How the pandemic affected physician compensation

By Jonathan Ford Hughes
Published May 19, 2021

Key Takeaways

A new Medicus Firm report on physician hiring and compensation offers a mixed bag of insights. First, the bad news: The cancelation of elective procedures directly and indirectly resulted in revenue declines and consequently, slowed hiring and chilled signing bonuses. The good news: This is likely a temporary phenomenon. Those patients who needed the elective procedures? They still need them.

“Looking at 2021 and beyond, the healthcare system will be challenged to respond to delays in care and the return of a high-demand healthcare environment,” the report reads. 

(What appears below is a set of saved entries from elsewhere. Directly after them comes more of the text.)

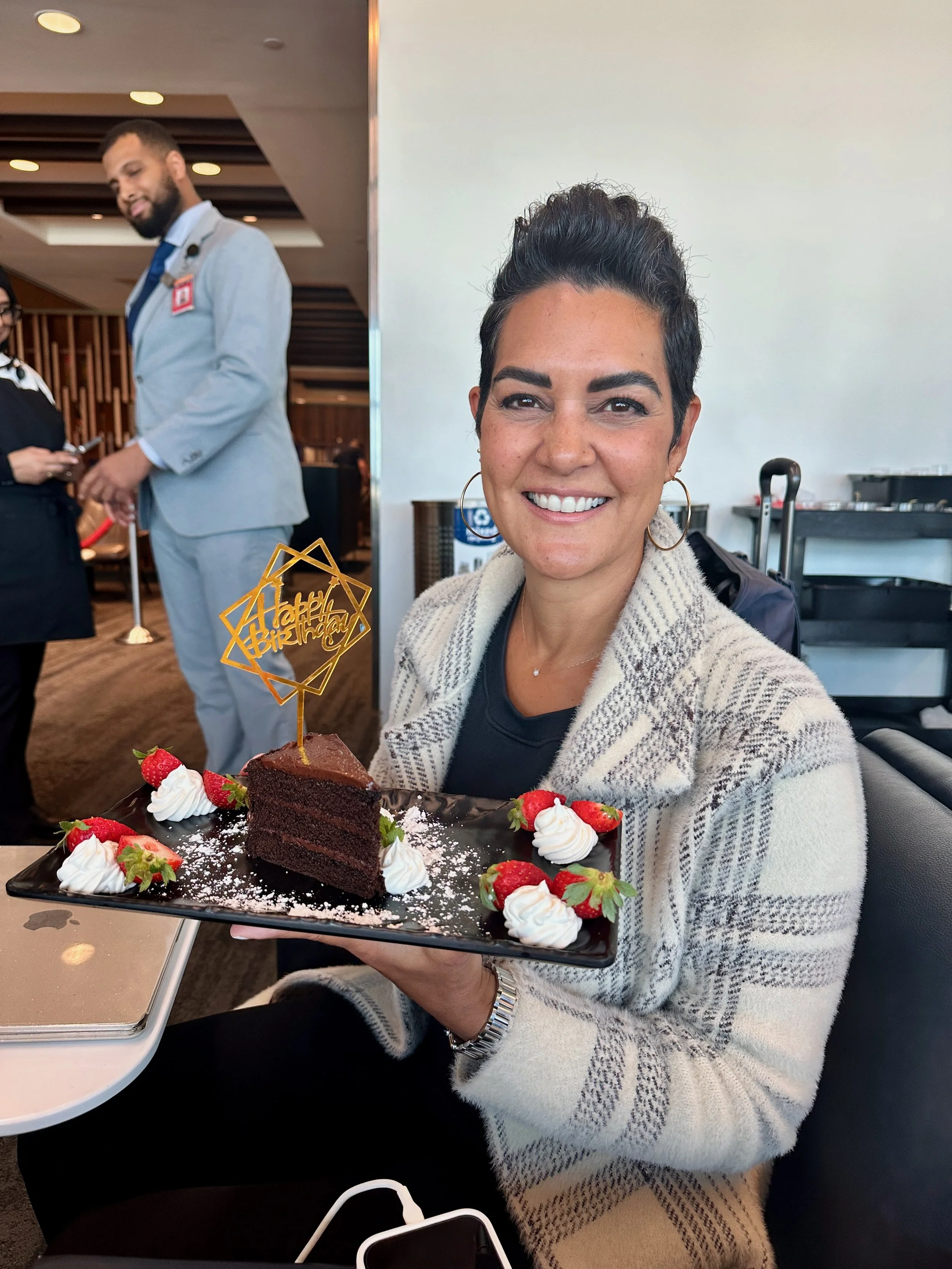 Our journey began before we even took off. At the Delta Lounge, the staff surprised me with a birthday cake and a full rendition of Happy Birthday. As if that wasn’t enough, our Delta status worked its magic and we were upgraded to first class. Champagne before wheels up? Yes, please. It was already shaping up to be a special trip.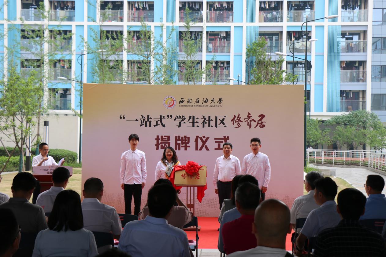 繼臨溪書院、銀杏雅苑,5月16日,我校又一個“一站式”學生社區修齊居正式揭牌。黨委副書記、校長郭建春,黨委副書記、校工會主席衡彤以及學生代表共同為修齊居揭牌。
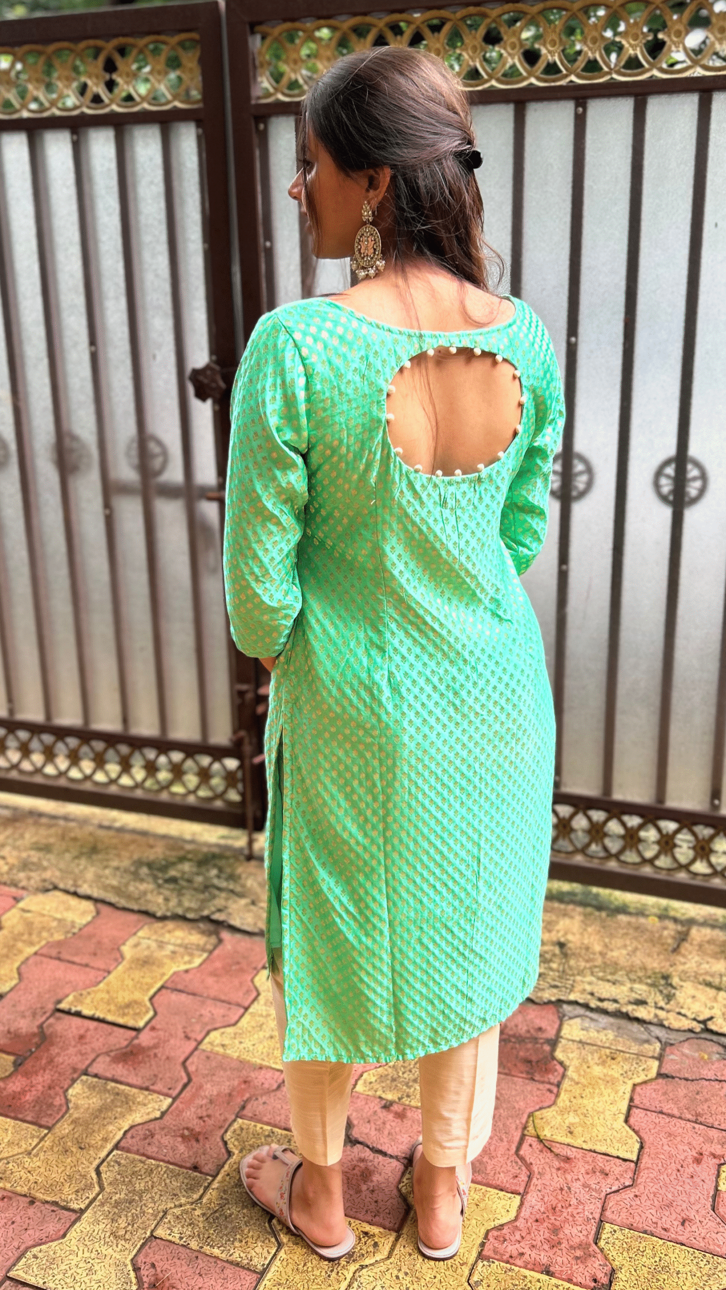 Be the first to review “Mint Green Banarasi Kurta and Ivory Pants Set”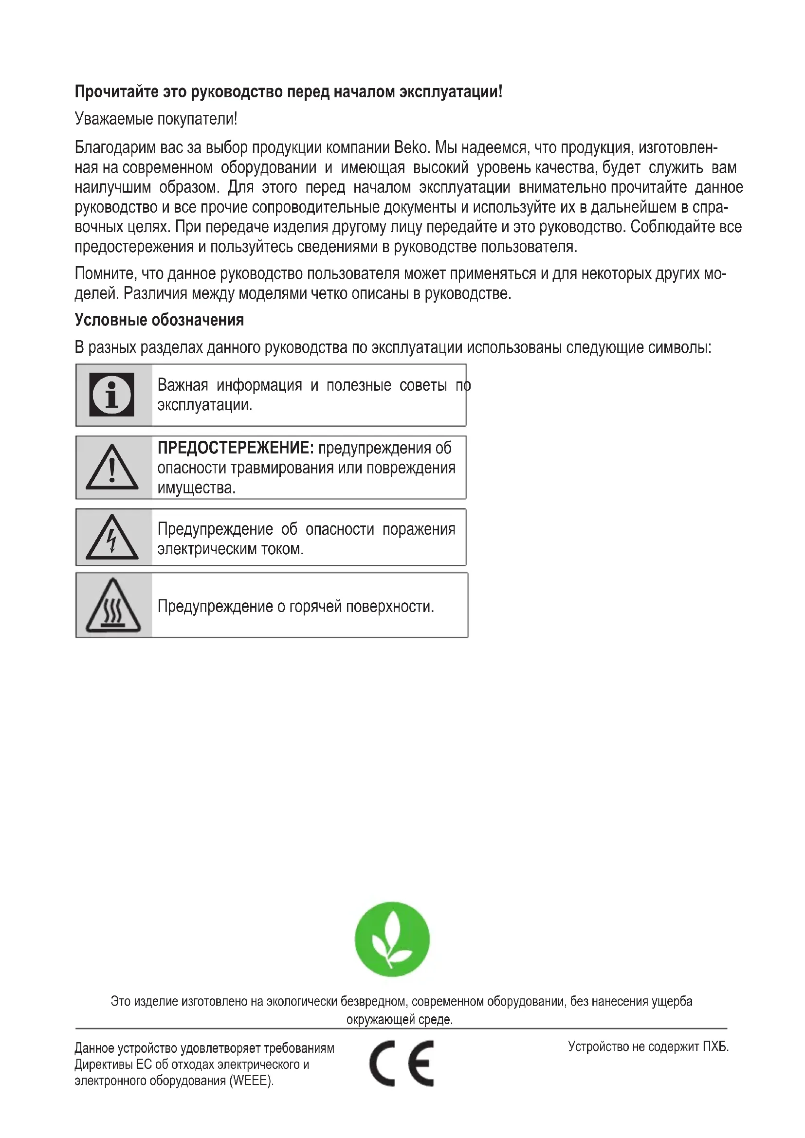 AVISO: Antes de tocar nas lâmpa-das, certifique-se de que já arrefe-ceram. Contacte o Agente de Serviço Autorizado para substituição da lâmpada.Это изделие изготовлено на экологически безвредном, современном оборудовании, без нанесения ущерба окружающей среде. Данное устройство удовлетворяет требованиям Директивы ЕС об отходах электрического и электронного оборудования (WEEE). Устройство не содержит ПХБ. Прочитайте это руководство перед началом эксплуатации! Уважаемые покупатели! Благодарим вас за выбор продукции компании Beko. Мы надеемся, что продукция, изготовлен- ная на современном оборудовании и имеющая высокий уровень качества, будет служить вам наилучшим образом. Для этого перед началом эксплуатации внимательно прочитайте данное руководство и все прочие сопроводительные документы и используйте их в дальнейшем в спра- вочных целях. При передаче изделия другому лицу передайте и это руководство. Соблюдайте все предостережения и пользуйтесь сведениями в руководстве пользователя. Помните, что данное руководство пользователя может применяться и для некоторых других мо- делей. Различия между моделями четко описаны в руководстве. Условные обозначения В разных разделах данного руководства по эксплуатации использованы следующие символы:

The report is based on the Medicus Firm’s hundreds of job searches and placements across the U.S. Let’s take a deeper dive into the findings.

Annual Compensation

The big number: +24.72 percent

Psychiatrists saw the greatest increase in average annual compensation, bringing in $319,380. That’s a 24.72 percent year-over-year increase. The COVID-19 pandemic was and is accompanied by a shadow mental-health pandemic. According to the Kaiser Family Foundation, four in 10 U.S. adults have experienced anxiety or depressive disorder symptoms during the pandemic. In September 2020, the National Council for Behavioral Health reported that 52 percent of healthcare organizations saw an increase in demand for services. Sixty-five percent had to cancel, reschedule, or turn patients away. These data seem to indicate an increased demand for psychiatric services.

The small number: -23.33 percent

Cardiologists took the biggest hit in annual compensation, netting an average $345,000. That represents a 23.33 percent decrease, year over year. In May, the New York Times ran the following article, raising the concern of where all of the cardiac cases had gone. The American College of Cardiology published a study in January that showed nationwide, the number of deaths due to ischemic heart disease and hypertensive diseases increased during the early phases of the pandemic. 

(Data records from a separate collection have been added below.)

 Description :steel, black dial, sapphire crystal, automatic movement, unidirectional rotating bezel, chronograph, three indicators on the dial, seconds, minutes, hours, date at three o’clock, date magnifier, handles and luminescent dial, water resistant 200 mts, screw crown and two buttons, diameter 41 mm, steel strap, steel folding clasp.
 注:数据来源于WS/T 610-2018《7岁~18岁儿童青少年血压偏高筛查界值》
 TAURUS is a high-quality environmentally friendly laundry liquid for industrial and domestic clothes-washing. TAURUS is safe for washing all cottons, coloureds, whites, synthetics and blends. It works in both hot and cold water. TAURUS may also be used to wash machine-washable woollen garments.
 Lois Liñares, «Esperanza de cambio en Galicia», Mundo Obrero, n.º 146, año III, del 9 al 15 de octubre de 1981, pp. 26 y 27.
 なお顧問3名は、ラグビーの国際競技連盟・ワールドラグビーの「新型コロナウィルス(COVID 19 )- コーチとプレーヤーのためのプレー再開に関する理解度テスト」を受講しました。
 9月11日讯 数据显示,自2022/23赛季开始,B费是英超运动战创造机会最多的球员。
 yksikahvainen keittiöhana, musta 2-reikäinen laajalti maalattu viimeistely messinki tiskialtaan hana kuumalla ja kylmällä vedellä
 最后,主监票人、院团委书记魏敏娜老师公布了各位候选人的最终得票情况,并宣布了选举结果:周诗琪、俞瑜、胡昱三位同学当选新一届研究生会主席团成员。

“The present findings support the idea that many patients suffered cardiovascular events without seeking medical attention, or presented in a delayed fashion and suffered worse clinical outcomes, as many practitioners feared,” the researchers wrote.

The top-five compensation gains by specialty (year-over-year change in parentheses)

  • Psychiatry: $319,380 (+24.72%)

  • Anesthesiology: $430,375 (+20.40%)

  • Urology: $537,500 (+16.53%)

  • General Surgery: $428,760 (9.76%)

  • Dermatology: $373,750 (+3.10%)

The top-five compensation declines by specialty (year-over-year change in parentheses)

  • Cardiology: $345,000 (-23.33%)

  • Gastroenterology: $498,125 (-11.58%)

  • Neurology: $345,000 (-6.08%)

  • OB/Gyn: $298,125 (-6.40%)

  • Internal medicine: $236,250 (-5.42%)

Signing Bonuses

The picture for signing bonuses in 2020 is slightly rosier. Seven out of 11 specialties saw year-over-year increases in signing bonuses. This could be a byproduct of the fact that despite the temporary blow to the healthcare system delivered by COVID-19, the physician shortage is here to stay. 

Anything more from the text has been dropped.